The neighborhood information is useful even when a node detects that it has lost a route. It is recommended that the nodes not flush the entire or subset of the neighbor table even when a node loses its route or detects a loop. It is sufficient to mark the nodes in the table with the updated information that resulted in route loss or loops, e.g., marking the particular parent with a rank of INFINITY.

8. Slow-Down Datapath Traffic During Path Inconsistency

When a node detects that a path is inconsistent through datapath validation, it tasks the control plane to repair the topology and make it consistent. During this time, although the route is available, it is advisable that the data packets are sent at lower rates to reduce contention with the control packets. This slow-down can increase data packet latency or lead to queue overflow.

9. Choose Better Path Cost Over Route Stability

With bursty links, a link metric designed to reflect link quality accurately can change rapidly. Other link metrics may also change rapidly. As a result, the path cost computed using these agile metrics can change rapidly. Selecting the best path then implies frequent parent changes. Route flapping is not detrimental to the performance of many network protocols such as sensor data collection over UDP. Hence, oftentimes, it is better to optimize for path cost than for path stability.

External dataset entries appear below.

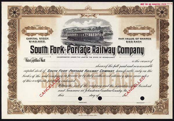 Pennsylvania. Odd Shares Specimen Stock Certificate. Black ink with brown border and under print. Vignette of Inter-urban electric train driving through the countryside. Cancelled overprints, "Not to be removed from file" overprints, and POC's, XF condition, SBNC. Rare and attractive certificate.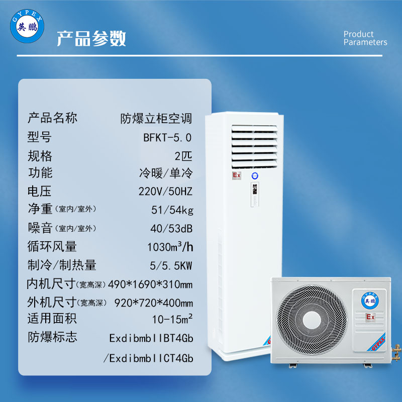 英鹏化工制药厂防爆立柜式空调变电站基站防爆空调BFKT-5.0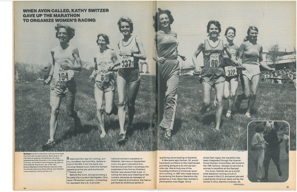 That went on for about five years, during which Jacoby won nine 10k’s in addition to her two marathon victories and wins at various other distances. She also competed in the national and international Avon races, organized by activist-runner Katherine Switzer, famous for her defiant Boston Marathon run in 1967. Switzer organized this race series to prove that women runners could compete at elite levels.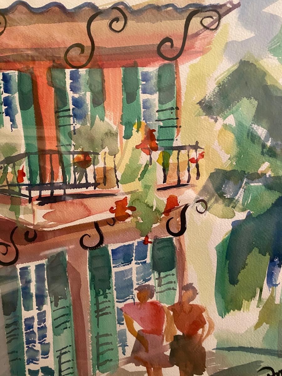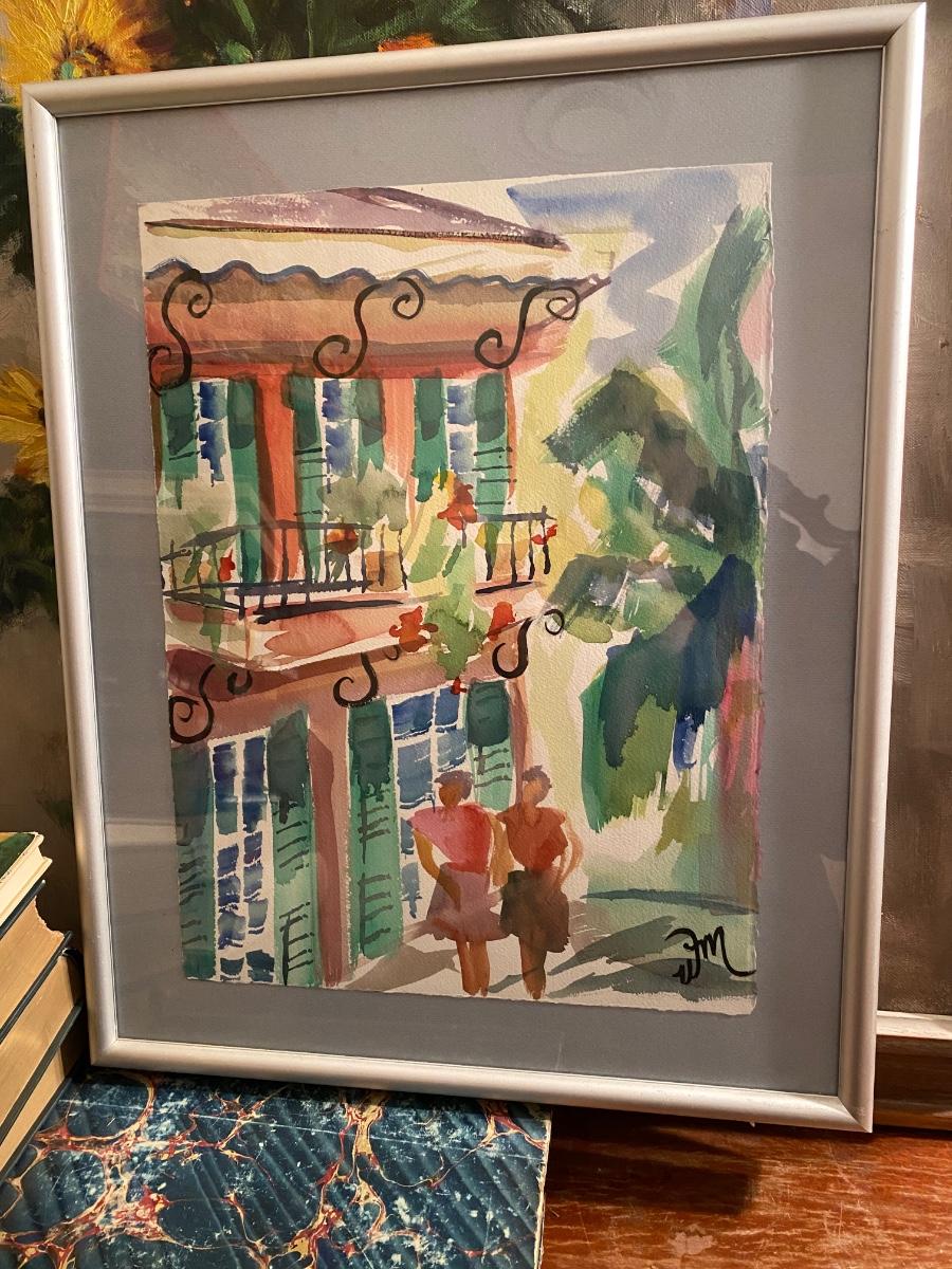 Watercolor depicting New Orleans street by William McInnes. Framed and matted, 19x15

10. Consider State Overhead While Running Storing Mode

A naive implementation of storing mode will have large state overhead, especially in large networks. However, it is possible for storing mode to use RAM efficiently by state aggregation, compression, and other techniques. Current open source implementations are known to limit the routing table size to 30 (TinyOS on TelosB which has 10KB of RAM) and 100 (Contiki on MSP430F5438-based platform which has 16K of RAM).

11. Acknowledgements

Thanks to Ulrich Herberg and Mukul Goyal for valuable comments.

12. IANA Considerations

None.

13. Security Considerations

Security considerations to be developed in accordance to the output of the WG.

14. References

14.1. Normative References

[RFC2119] Bradner, S., "Key words for use in RFCs to Indicate Requirement Levels", BCP 14, RFC 2119, March 1997.

14.2. Informative References

[I-D.ietf-roll-rpl] Winter, T, Thubert, P, Brandt, A, Clausen, T, Hui, J, Kelsey, R, Levis, P, Pister, K, Struik, R and J Vasseur, "RPL: IPv6 Routing Protocol for Low power and Lossy Networks", Internet-Draft draft-ietf-roll-rpl-18, February 2011.
[I-D.ietf-roll-routing-metrics] Vasseur, J and D Networks, "Routing Metrics used for Path Calculation in Low Power and Lossy Networks", Internet-Draft draft-ietf-roll-routing-metrics-01, October 2009.
[I-D.ietf-roll-terminology] Vasseur, J, "Terminology in Low power And Lossy Networks", Internet-Draft draft-ietf-roll-terminology-01, May 2009.